To our knowledge, ours is the first study to incorporate the expression levels of lncRNAs into a prediction model for radiosensitivity. Several studies have demonstrated that lncRNAs are key players in modulating transcriptional changes and radiation responses [20]. For example, a previous study has indicated that some lncRNAs can regulate the expression level of TP53 [20]. Among the 4 identified lncRNAs, TP53TG1 has been reported to be associated with both TP53 expression and radiation exposure in previous studies [36, 37]. The full name of TP53TG1 is TP53 target 1 (non-protein coding), and its expression level was altered after radiation exposure in a wild-type TP53-dependent manner, suggesting its potential role in the radiation response modulated by TP53 [36]. The expression level of TP53TG1 is increased 1.5-fold 24 h after irradiation in a dose-dependent manner, suggesting its potential as a suitable candidate in radiodosimetry [37]. Although the reports of the other 3 lncRNAs shown in Table 2 are relatively limited, we believe they deserve further study to elucidate their roles in the radiation response. Furthermore, a permutation test was performed in this study to assess whether it is superior to add lncRNAs into a prediction model for radiosensitivity. As shown in Supplementary Figure S4, the average prediction accuracy value based on both genes and lncRNAs was slightly better than that obtained from genes only. Therefore, the performance of a prediction model for radiosensitivity can be improved by simultaneously considering the expression levels of both genes and lncRNAs.

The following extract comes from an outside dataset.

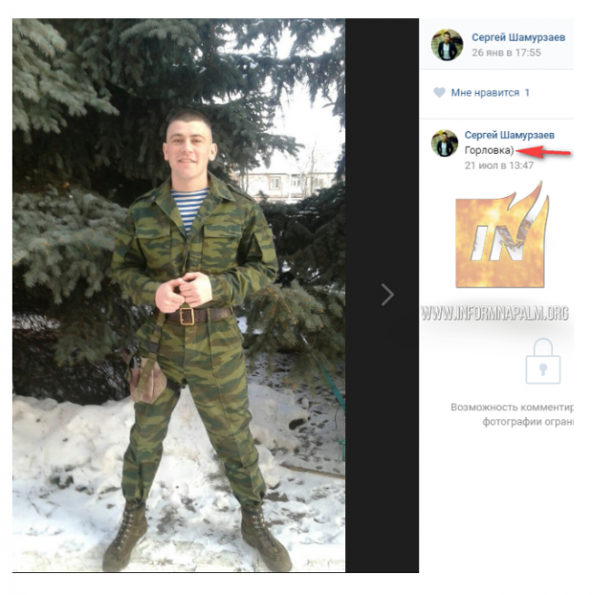 Скорее всего, когда Сергей Танцюра уже выехал с оккупированной части Донбасса, хранить молчание, не похваставшись «подвигами», не смог. 21 июля 2016 года к одному из своих фото он оставляет комментарий- «Горловка)». (Фото в архиве: от 01 февраля 2016г., где фамилия еще Танцюра и от 03 сентября 2016г., фамилия уже изменена на Шамурзаев)

In the development of a prediction model, a critical step is how to select important predictors, especially when handling high-throughput data [38]. A popular approach is to perform a stepwise regression using forward selection and/or backward elimination, and to evaluate the performance by the Akaike information criterion (AIC) [39]. However, such methods are time-consuming and inefficient, because the number of possible combinations of predictors is large. We tried such an approach in this study, but the predictors identified from the AIC model changed substantially upon the addition of only 1 or 2 pairs of genes and lncRNAs. The GA was used instead due to its low computational complexity and high efficiency in achieving good accuracy. In this study, the number of possible combinations of the original pool (34 genes and 7 lncRNAs) is C2041= 269128937220, which is impossible to test in a reasonable amount of time. In addition, it is well-known that radiosensitivity differs greatly across different tissues. Therefore, we analyzed the NCI-60 cell lines to develop the prediction model because they were from distinct tissue types. One major advantage of using the GA in this situation is that it can identify the best combination of predictors (genes and lncRNAs) through random selection over many generations, taking the heterogeneity of radiosensitivity in different tissue types into consideration. The randomness in the initial step of GA is compensated for by the reproducibility of the consecutive generations (Supplementary Figure S3). Although it is desirable to minimize the number of predictors in the GA model in order to minimize costs and simplify experimental procedures, the prediction performance of the GA was poor and unstable when the number of predictors selected was <20. Therefore, the number of predictors in the GA was set at 20 to achieve the highest possible prediction accuracy with the minimum number of predictors.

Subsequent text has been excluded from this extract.